Member of the Imperial Legislative Council
- In office 1913–1915

Member of the Council of State
- In office 1915–1917

Member of the Third Council of the Lieutenant Governor of the Punjab
- In office 1913–1916

Wazir of Pratap singh
- In office 1917–1921
- Monarch: Pratap Singh of Jammu and Kashmir

Personal details
- Born: 7 December 1882 Kapurthala
- Died: 6 November 1946 (aged 63)
- Alma mater: Aitchison College, Lahore
- Occupation: Scholar, Musician, Statesman
- Known for: Scholarly works on Sikhism, Musician, Theosophist, Prime Minister of Jammu and Kashmir

= Daljit Singh (Sikh politician) =

Sikh politician

Raja Sir Daljit Singh (7 December 1882 – 6 November 1946) was a politician born in Kapurthala. He is considered as the first prime minister of Jammu and Kashmir (1917–1921) before Indian independence, while some consider Albion Rajkumar Banerjee as first prime minister.

== Early life and education ==
Singh was born in 1882 as the grandson of Maharaja Nihal Singh, who ruled the Sikh Kingdom of Kapurthala from 1836 to 1852. His father was Bikrama Singh. He received his education at Aitchison College in Lahore, where he had aristocratic classmates, including King Thibaw Min of Burma.

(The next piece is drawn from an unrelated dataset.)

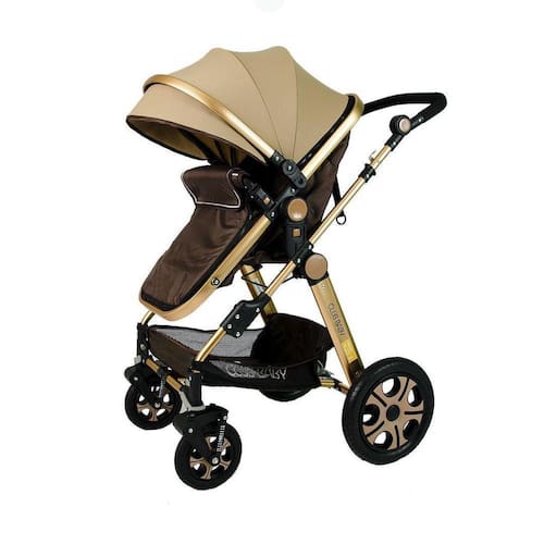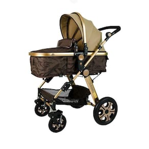 Carrinho de bebê Golden Dourado Club Baby 2 em 1Número Registro Inmetro 004400/2018Carrinho na cor marromModelo: Golden4 rodasChassi em alumínioRodas de borracha maciça, não precisa encher com arMedidas aberto 110cm de altura, 65cm de largura, 90cm de comprimentoSEGURANÇA Com o cinto de 5 pontos, você pode realizar qualquer tarefa um pouco mais distante do Carrinho Golden Dourado, sabendo que seu bebê está completamente seguro.ALÇAA alça para ajustar o carrinho é regulável para cima e para baixo, trazendo melhor dirigibilidade. Se adapta a pessoas de qualquer altura, sendo confortável para empurrar e evitando problemas de postura ou dores lombares depois de longos passeios. MOISÉSVocê pode deixar o assento totalmente reclinável em formato de berço, deixando o bebê dormir à vontade e quando precisar transportá-lo, não precisa carregar o peso, é só encaixar de novo no carrinho. O Moisés pode ser invertido de posição, sendo assim o bebê pode ser virado para trás para proteger do frio ou sol em excesso. Nosso carrinho Golden Dourado é certificado e aprovado pelo InmetroO carrinho é ideal para recém nascido, indicação de uso de 0 a 3 anos. Seu design e projeto conta com rodas traseiras largas e altas, fazendo com que o carrinho não vire com facilidade.O Carrinho Golden Dourado possui um cesto espaço na parte de baixo para guardar brinquedos até compras de mercado.

=== Scholarly contributions ===
Singh displayed a deep intellectual inclination, studying philosophy and scriptures. He authored several books in English, including works on Guru Nanak's life and teachings and Guru Tegh Bahadur's hymns. He also ventured into writing in "Braj bhasha" on Shri Krishna and published his work in notable publications like "Tri Dhara" and the Krishna Ank of the Gita Press Gorakhpur. Additionally, he translated the teachings of the Bhagwad Gita into his native Gurmukhi.

=== Musical prowess ===
Apart from his scholarly pursuits, Singh was a talented musician and a skilled rudra veena player. He was a disciple of Ustad Mir Kallan and his brother, Ustad Mir Rehmat Ali, who were direct descendants of the legendary musician Tansen. Despite being aristocrats, they lived with him and practiced music rigorously. He composed intricate musical compositions (gats) that continue to be played to this day. His home in Shimla was a hub for musicians and private concerts.

== Career ==
Although he preferred a private life, Singh was drawn into public service due to various circumstances. He served as a member of the Imperial Legislative Council, the Council of State, and the Third Council of the Lieutenant Governor of the Punjab during the early 20th century. He also held the position of Prime Minister of Jammu and Kashmir State for a brief period. His contributions extended to cultural endeavors as he played a pivotal role in fundraising for the construction of the Indian Memorial Gateway at the Royal Pavilion in Brighton, United Kingdom, securing donations from various Indian Maharajas.